**Aim of the exercise**
Print, word for word, the line containing "16 Sheets A5" and all lines beneath it to the end of the entries below. Pictures do not belong in the copy.

**Recorded information**
- Opening Delimiter -
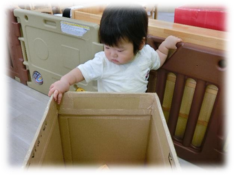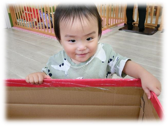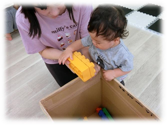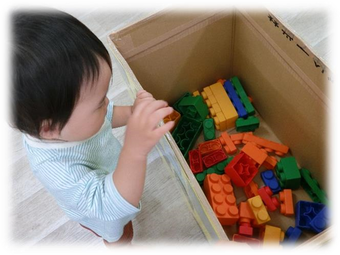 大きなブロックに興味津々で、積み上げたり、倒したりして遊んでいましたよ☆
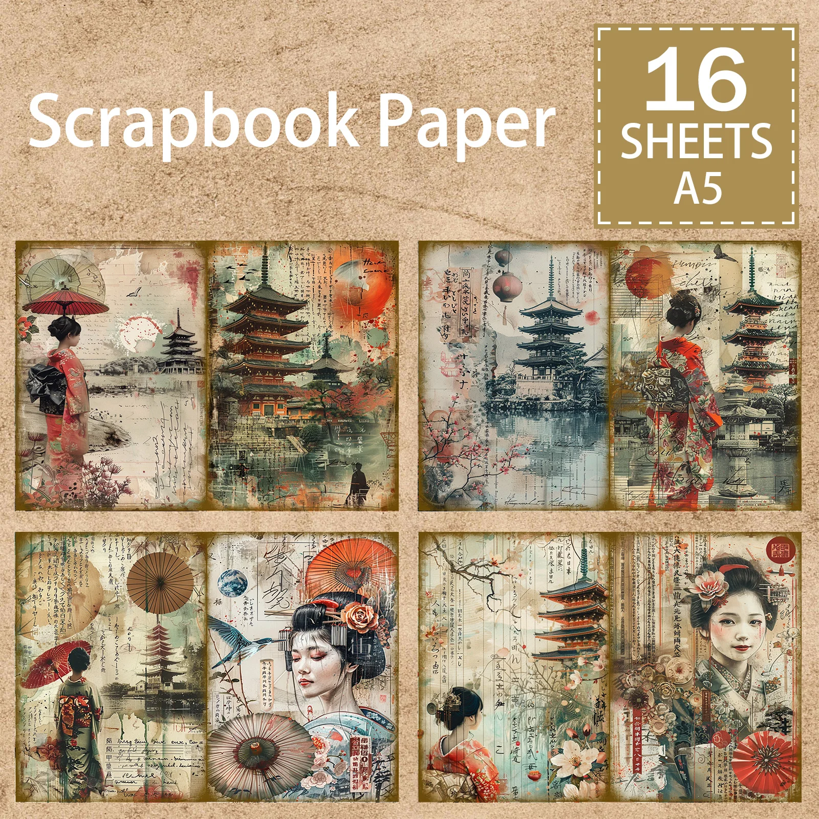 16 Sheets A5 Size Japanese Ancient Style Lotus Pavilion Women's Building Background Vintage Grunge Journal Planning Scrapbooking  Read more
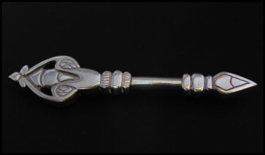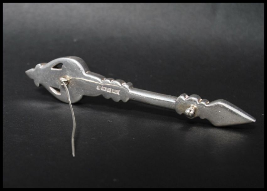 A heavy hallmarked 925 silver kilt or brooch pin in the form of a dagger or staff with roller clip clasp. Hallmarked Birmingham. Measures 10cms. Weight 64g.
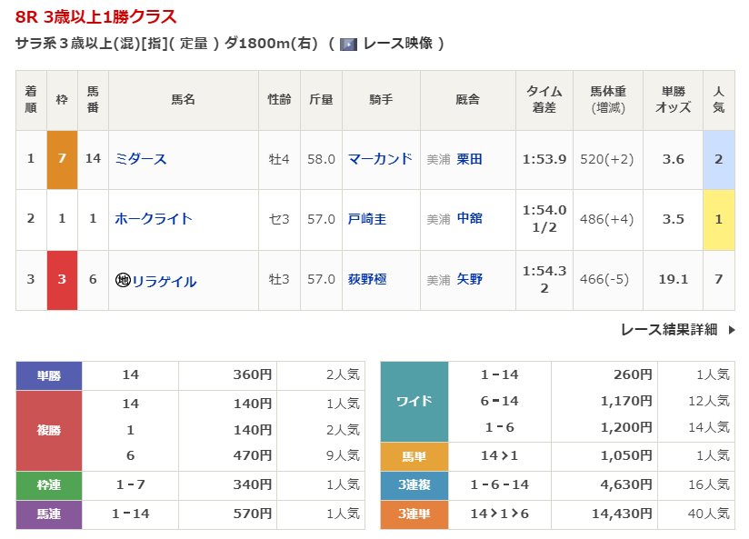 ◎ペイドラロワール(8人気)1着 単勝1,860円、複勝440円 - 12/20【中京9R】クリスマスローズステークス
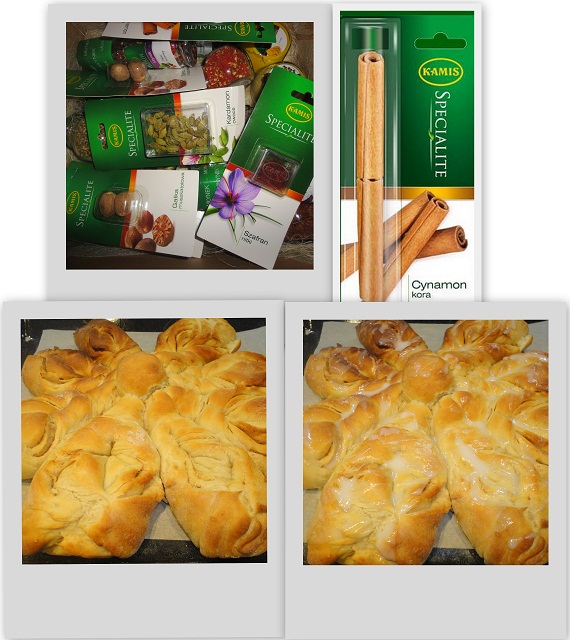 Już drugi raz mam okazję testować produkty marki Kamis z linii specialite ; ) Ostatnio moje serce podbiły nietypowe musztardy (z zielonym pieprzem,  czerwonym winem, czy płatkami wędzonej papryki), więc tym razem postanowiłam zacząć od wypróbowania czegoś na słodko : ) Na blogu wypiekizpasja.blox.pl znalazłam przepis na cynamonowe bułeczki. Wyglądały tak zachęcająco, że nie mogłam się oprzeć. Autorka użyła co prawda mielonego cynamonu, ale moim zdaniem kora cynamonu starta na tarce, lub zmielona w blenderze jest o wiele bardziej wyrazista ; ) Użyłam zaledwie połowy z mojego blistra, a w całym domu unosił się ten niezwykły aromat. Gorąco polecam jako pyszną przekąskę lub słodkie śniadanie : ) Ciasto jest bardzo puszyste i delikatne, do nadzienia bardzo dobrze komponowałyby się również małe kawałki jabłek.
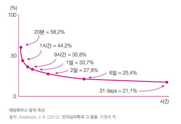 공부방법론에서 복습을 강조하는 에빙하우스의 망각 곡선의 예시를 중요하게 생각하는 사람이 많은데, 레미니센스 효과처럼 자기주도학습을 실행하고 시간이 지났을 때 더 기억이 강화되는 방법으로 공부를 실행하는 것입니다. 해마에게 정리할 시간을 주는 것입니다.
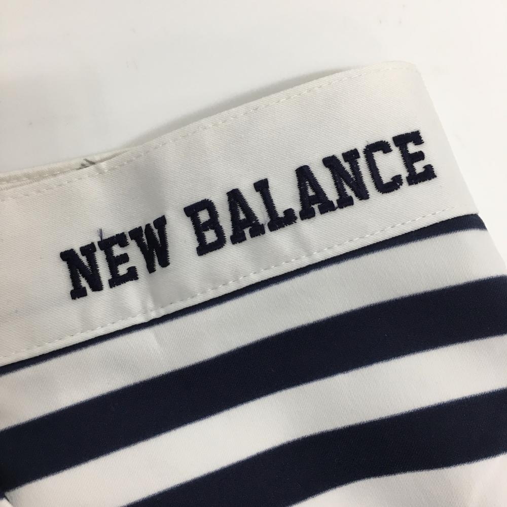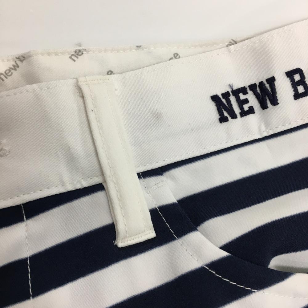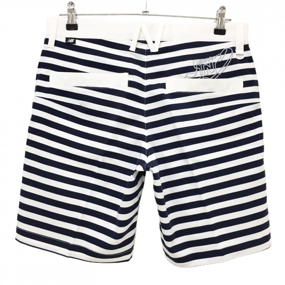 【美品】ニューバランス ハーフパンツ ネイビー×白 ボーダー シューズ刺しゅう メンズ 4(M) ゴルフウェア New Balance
- Closing Delimiter -
**The answer**
 16 Sheets A5 Size Japanese Ancient Style Lotus Pavilion Women's Building Background Vintage Grunge Journal Planning Scrapbooking  Read more
 A heavy hallmarked 925 silver kilt or brooch pin in the form of a dagger or staff with roller clip clasp. Hallmarked Birmingham. Measures 10cms. Weight 64g.
 ◎ペイドラロワール(8人気)1着 単勝1,860円、複勝440円 - 12/20【中京9R】クリスマスローズステークス
 Już drugi raz mam okazję testować produkty marki Kamis z linii specialite ; ) Ostatnio moje serce podbiły nietypowe musztardy (z zielonym pieprzem,  czerwonym winem, czy płatkami wędzonej papryki), więc tym razem postanowiłam zacząć od wypróbowania czegoś na słodko : ) Na blogu wypiekizpasja.blox.pl znalazłam przepis na cynamonowe bułeczki. Wyglądały tak zachęcająco, że nie mogłam się oprzeć. Autorka użyła co prawda mielonego cynamonu, ale moim zdaniem kora cynamonu starta na tarce, lub zmielona w blenderze jest o wiele bardziej wyrazista ; ) Użyłam zaledwie połowy z mojego blistra, a w całym domu unosił się ten niezwykły aromat. Gorąco polecam jako pyszną przekąskę lub słodkie śniadanie : ) Ciasto jest bardzo puszyste i delikatne, do nadzienia bardzo dobrze komponowałyby się również małe kawałki jabłek.
 공부방법론에서 복습을 강조하는 에빙하우스의 망각 곡선의 예시를 중요하게 생각하는 사람이 많은데, 레미니센스 효과처럼 자기주도학습을 실행하고 시간이 지났을 때 더 기억이 강화되는 방법으로 공부를 실행하는 것입니다. 해마에게 정리할 시간을 주는 것입니다.
 【美品】ニューバランス ハーフパンツ ネイビー×白 ボーダー シューズ刺しゅう メンズ 4(M) ゴルフウェア New Balance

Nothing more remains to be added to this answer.